I am working with a stream of coordinate data to plot points on a map in realtime. I want this data to expire based on age, so I'm using a
ring buffer to store the data, and overwrite in a FIFO manner. When I get to around 1500 points, the frame rate in my program starts to drop off severely. This causes my queue of coordinate data to get backlogged. So, I have to severely limit the size of the ring buffer (ends up being about 1000 coordinates, or a minute of data) to keep the data flowing properly.
My question is: what's an efficient way to store this data, display it, and expire it? Should I be able to draw 1500+ points of coordinate data from a ring buffer, or other data structure? I can't just store the state of the display output after each plot, since I need to eventually expire all displayed points.

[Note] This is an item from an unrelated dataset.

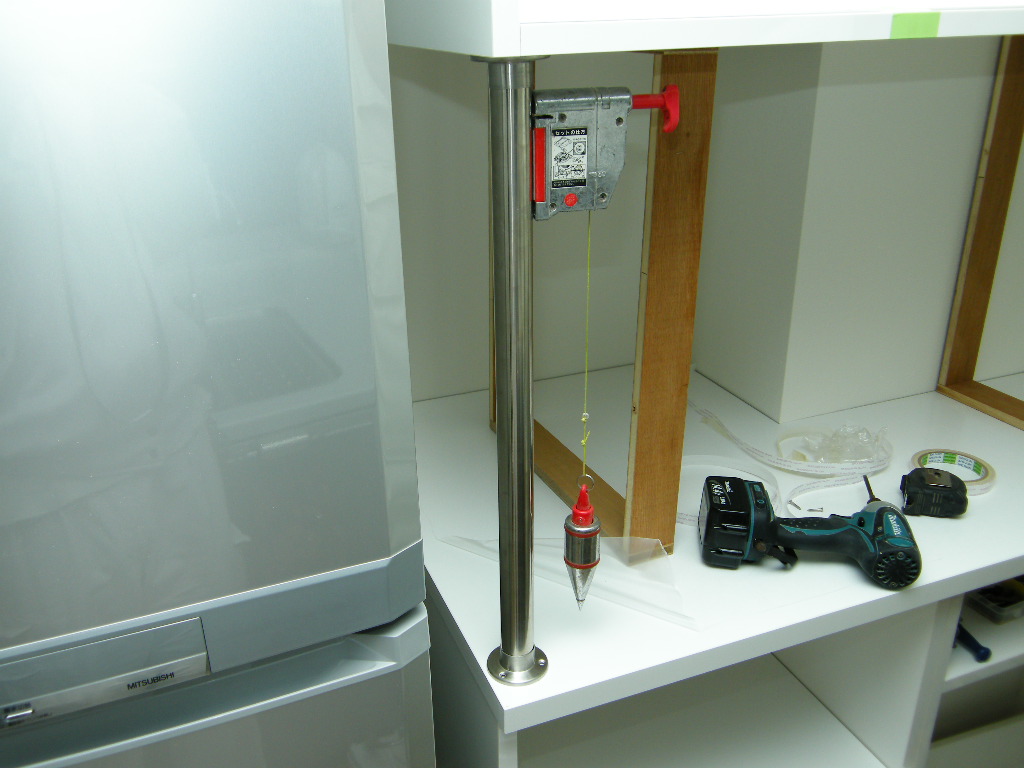 扉を外した吊棚を仮置き。

Ideas?
I am trying to display (many) points on a map from a stream of coordinate data. Specifically, I want to display the locations of IP addresses on a world map. I thought I had the hard part out of the way, and I usually figure these things out by myself, but I'm having some trouble finding a way to actually
display the data that I am generating. I hope that this is a general design problem, and not some limitation. Some background:
I'm using the jflow library to capture IP addresses from a router in real-time.
I'm using the GeoIP library to generate long/lat coordinates from these IPs.

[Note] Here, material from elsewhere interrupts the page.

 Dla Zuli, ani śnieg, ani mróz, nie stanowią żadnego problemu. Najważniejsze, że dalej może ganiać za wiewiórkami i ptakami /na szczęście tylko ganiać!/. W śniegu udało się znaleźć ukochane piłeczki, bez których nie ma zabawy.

I plan on using the Unfolding library to display maps, and draw points.
I'm using Processing (through Eclipse) to draw the output.
I am able to capture and print IP addresses and coordinates to the console. However, I cannot find a way to actually USE this data within the Processing draw() method. I think that this is because the jflow library collects (and does whatever else you want) in a separate accounting thread. "

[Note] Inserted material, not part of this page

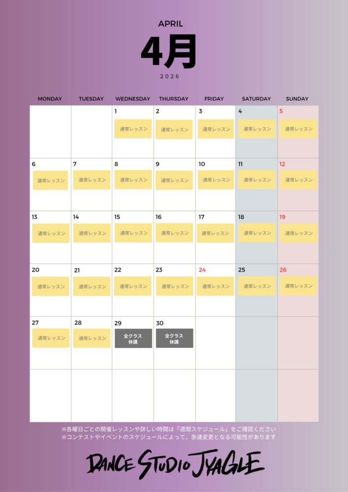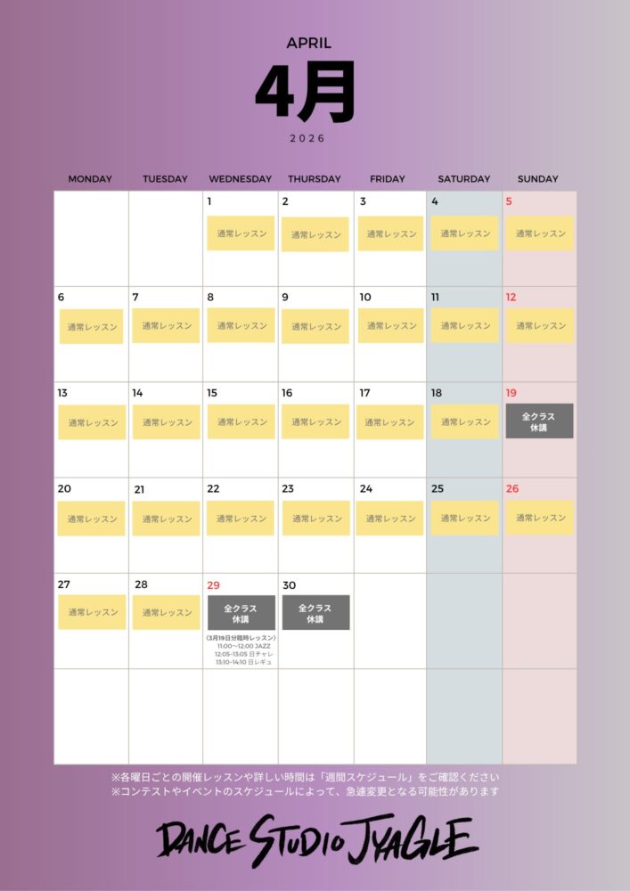 ・4月29日と30日は、スタジオの年間休講日となり全クラスおやすみです。

Note that the collector is multithreaded. Calling start will start collecting in the background, the call will return immediately." If this is the case, what's the best way to access and draw the incoming data? Some kind of IPC? Somehow make the IP collection thread use the draw() method?
Below is an example IP collection class, with some edits showing how I would like to use it. What can I do with this separate thread?
This might lead to other questions, like, should I somehow run the draw() method at a constant rate and asynchronously update it with incoming data from the IP collection thread? Any advice is welcome. Please let me know if anything is not clear.
import java.net.InetAddress;
import java.net.SocketException;
import java.net.UnknownHostException;
import nettrack.net.netflow.*;
import com.maxmind.geoip.*;
import com.maxmind.geoip.Location;
public class V5Printer
{
static class PrintAccountant
implements Accountant
{
public void account(Flow f)
{
//method nest below are not real, just illustrating intent.